Planner Mark Michelini works at the Sacramento County Community Development Department, which is being renovated.

The Public Eye: Community Development Department gets $1.5 million renovation

Published: Sunday, Mar. 3, 2013 - 12:00 am | Page 1B
Last Modified: Sunday, Mar. 3, 2013 - 12:54 pm

Sacramento County is spending $1.5 million to renovate its Community Development Department, with much of the money going to high-end furniture in its downtown Seventh Street offices.

County officials say the work is necessary to improve service to developers, who have complained about a slow and inflexible permitting process.

But with the county in its fifth straight year of budget cuts – cuts that have included laying off hundreds of planners and engineers – the project has prompted some questions.

"I'm always concerned about the appearance of spending money like this," said Supervisor Phil Serna. "But I understand the administration's reasons for doing it."

After taking office in 2011, County Executive Brad Hudson spent more than $21,000 on furniture and a shoeshine machine and $35,000 on sound-masking equipment for his office.

He also pushed for the reorganization of the Community Development Department, a revamp that brought together planning and other services into one department, under his authority. He has made development a priority.

County officials say they expect to spend about $360,000 on furniture for the renovation project. The first phase includes more than $200,000 in furnishings by Herman Miller, a company considered a pioneer in modern furniture design. The California Museum has an exhibit on one of the company's former designers, Ray Eames.

"It is high-end furniture, but I don't understand why it's a problem – we use it throughout the county," said Jeff Gasaway, the county's facilities manager.

The county is building a "one-stop shop" for developer services that will feature Herman Miller work stations and 23 of its Aeron stools and chairs.

A New York Times writer called the Aeron the "standard-issue luxury item for dot-com entrepreneurs at the height of the economic bubble of the 1990s."

Buying at discounted bulk rates, the county bought the stools for $880 each and the chairs for $630 each, records show.

Lori Moss, director of the Community Development Department, said the county bought the chairs and stools to ensure employees are comfortable and because the county must make accommodations for the physical needs of some employees. The Aeron chairs and stools provide ergonomic features not found in most office furniture, she said.

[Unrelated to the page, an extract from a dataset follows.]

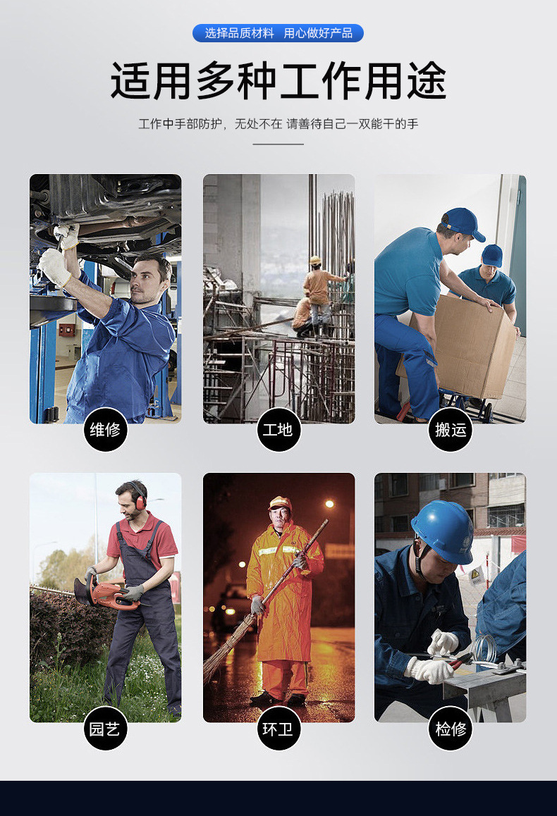 耐摩耗性の手袋、労働保護用手袋、建設現場作業用手袋、工場卸売、綿製、耐刺傷性、黒、軽量、通気性、厚手

Herman Miller products last a long time, and the new purchases can be used with other Herman Miller furniture the county already owns, Moss and Gasaway said.

The one-stop shop will bring together several different county services in one room, saving people from having to drive to different locations to get various permits, Moss said.

"In the past, the county has had a stigma when it comes to efficiency," she said.

A 2008 audit, conducted at the county's request, found that the departments serving the development community were full of "silos, black holes and an out-of-date organizational culture."

Hudson used the audit as an argument for merging services under one Community Development Department. Since the consolidation, however, the department has continued to fall short of its goals.

In the last fiscal year, for instance, the department completed applications within 60 days only 55 percent of the time. Moss said the renovation, which includes a change in layout for planning offices, will lead to improvement in that area.